Go to the United Bowhunters of Pennsylvania wesite, or 3DShoots.com, and click the "Find Shoots" link.
Lots of clubs post their schedules on them, and they are easy to use.

You want a great shoot, come to www.LimerickBowmen.com, but we are in Montgomery Co, so it would be about 1 1/2 hours, Maybe a little more.

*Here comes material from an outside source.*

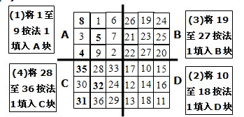 法3.如果n=4k+2,如下图所示,先将表格分成A、B、C、D四块,每块都是奇数行奇数列的,根据填入奇数幻方的方法,按ADBC的次序填好。然后:
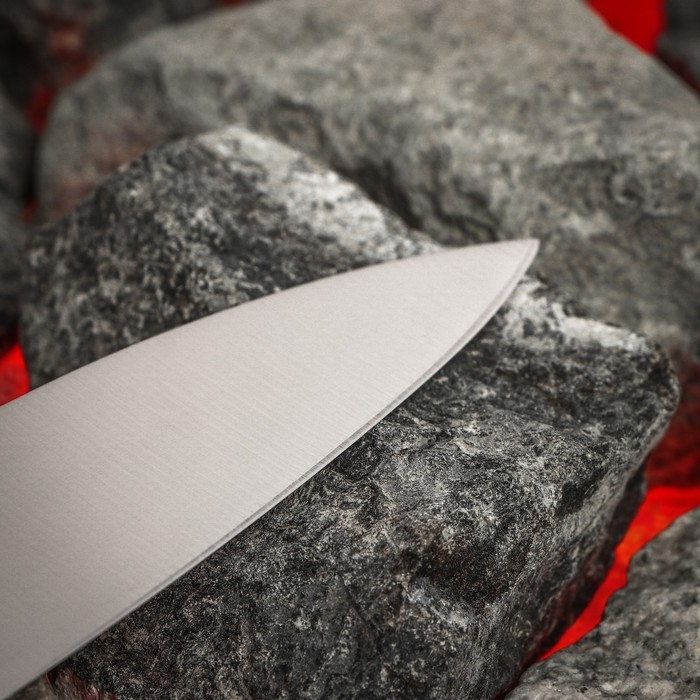 - клинок из однослойной японской стали твердостью 58-59 HRC;

You are also close to the Rinehart R 100, the IBO Pa State Championship (This year), and the "Camp Mack" shoot, living in Dallastown as you are.


----------



## 3D Pinwheeler (Jan 29, 2007)

www.3dshoots.com Lots of info on there. Also sheck out the ArcheryTalk regional shoot info pages.


----------



## ross600 (Mar 10, 2008)

im from the york area and there are about 5-6 small clubs. there is atleast a shoot somewhere everyweekend. once i get a master schedule together ill get a copy online for you if you would like.


----------



## firefighter16 (Mar 9, 2009)

deerheaven said:


> let me know...just moved here,,,,,looking too shoot..dave


from firefighter16 I live in the franklin county area and belong to the south mountain fish and game my club and others in the area hold 3D shoots every
weekend when shoots post I will post them here your about 40 minuts away


----------



## deerheaven (Apr 27, 2003)

ross600 said:


> im from the york area and there are about 5-6 small clubs. there is atleast a shoot somewhere everyweekend. once i get a master schedule together ill get a copy online for you if you would like.


thank you


----------



## deerheaven (Apr 27, 2003)

ttt


----------



## Jakeslush (Feb 27, 2007)

*Two shoots*

There are two shoots this weekend within 45 min of york. 1st is Ephrata Bowman and 2nd is Adamstown rod and gun. Take 30e to 222n, then 222n to the Reamstown exit. Both clubs are within 4 miles of that exit. Look at the NE regional shoots at the lower section of the first forum.


----------



## deerheaven (Apr 27, 2003)

Jakeslush said:


> There are two shoots this weekend within 45 min of york. 1st is Ephrata Bowman and 2nd is Adamstown rod and gun. Take 30e to 222n, then 222n to the Reamstown exit. Both clubs are within 4 miles of that exit. Look at the NE regional shoots at the lower section of the first forum.


thanks,,,looking for next saturday March 21


----------



## Jakeslush (Feb 27, 2007)

deerheaven said:


> thanks,,,looking for next saturday March 21


I believe that Paradise and Big Chiques both are holding a shoot next weekend.


----------



## deerheaven (Apr 27, 2003)

Jakeslush said:


> I believe that Paradise and Big Chiques both are holding a shoot next weekend.


yes and York archers on sunday


----------